McGann: This virus is extremely likely likely to return in the fall, there hasn't been a lot of discussion about that except from the experts. It's difficult predicting exactly what the endgame is going to be. We already have a significant national debt. Thanks to the Fed's capability to print money-let's hope that doesn't go away-we could obtain a lifejacket and stop a depression. But we will be up to $25 trillion indebted, and there's a formula on the relationship of the national debt to GDP. It isn't an irrelevant number. It's something that policymakers need to focus on, and they've to really make it part of their decision-making.

Freund: The economists agree we will have a transformation. It won't look like it did before the pandemic. Forecasts indicate that the unemployment rate and national debt will exceed anything we have experienced before, like the recession that began in 2008. So, regrettably, I fear that things will not be normal again in the near future.

How will the pandemic inform discussion about national health policy?

McGann: Administrations returning to Teddy Roosevelt have talked about universal medical health insurance.

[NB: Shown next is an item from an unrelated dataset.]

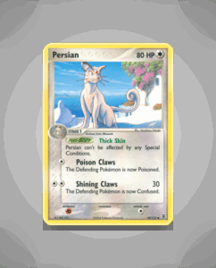 Persian from the FireRed LeafGreen set is an uncommon card featuring 80 HP. It boasts the ability Thick Skin and the attack Shining Claws. This sleek feline adds a distinctive presence to any collection.
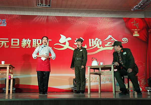 12月30日晚,由院工会和团委联合举办的“庆祝2015年元旦节教职工文艺晚会”在北校区招聘大厅精彩上演。学校党政领导李幼平、易忠、旷永青、郝德温、罗国湘、义祥辉、詹皖生、李智及全校师生等400余人欢聚一堂,共同观看了演出。

In 1954, the government ruled that pensions and medical health insurance could be tax deductible, which incentivized employers. When Medicare and Medicaid came along in 1965, millions more came onboard. Now, healthcare providers are subcontractors towards the four big insurance providers, which control an overwhelming majority of the market. They're permitted to measure their very own risk and therefore are not obliged to insure who they do not wish to insure. Health insurance companies aren't evil. They are not villains, but they have to do what life insurers have done, which would be to not cherry-pick a region inside a state.

About 75 years ago life insurance companies were prohibited from establishing different rates for particular regions within a state. A single rate for the entire state was required. They might, of course, establish different rates based upon age an individual. In healthcare insurance today, companies ought to be necessary to create \”community rating\” price calculations and be barred from \”experience rating,\” meaning cherry-picking various policies would not be permitted. The Kaiser Health Plan was originally dedicated to this principle.

Since medical health insurance is so complicated, I would not be opposed to a large state like California being divided up into several regions, but each could be required to have a singular community rate. As it stands now, it's almost impossible for the large insurance providers to fail. They increase their rates each year and they pick who they want to serve. Their ability to control costs and risks is non-sustainable.

I accustomed to represent Hospital Corporation of the usa for twenty-four years as a lobbyist in California. I attempted to convince them that their future could be compromised forever if they didn't adopt universal healthcare. If everyone is insured, you don't have this uncompensated care gestalt of monetary accounting that makes no sense. That structural issue will come front and center as a result of COVID-19. It will be clear by the end of the year that a lot of people who died because they didn't have access to healthcare shouldn't have died.

If the health insurers can't figure it out, we will possess a single-payer system in this country-and I do not think this is a good idea. I believe the public-private partnership is much better, but when they do not get going, they're going to get crushed.

Freund: We've identified many weaknesses in providing use of care and coordination of care, of providers not ready, along with a shortage of doctors and other health practitioners. Special provisions are allowing people from one state to practice in another in which they aren't licensed, and new graduates who have been supposed to start residencies are now around the front lines. I'd hope that we will make use of the science and data to go forward with greater collaboration so that we're able to work together to do the things we have to do. It's a very complex business, and shortcuts are doomed to fail.

McGann: All these people who are uninsured are now a large risk to folks who're insured. They've never had this kind of exposure to this side of the issue-direct health risks. To me, that's one of the seminal stuff that is going on at this time.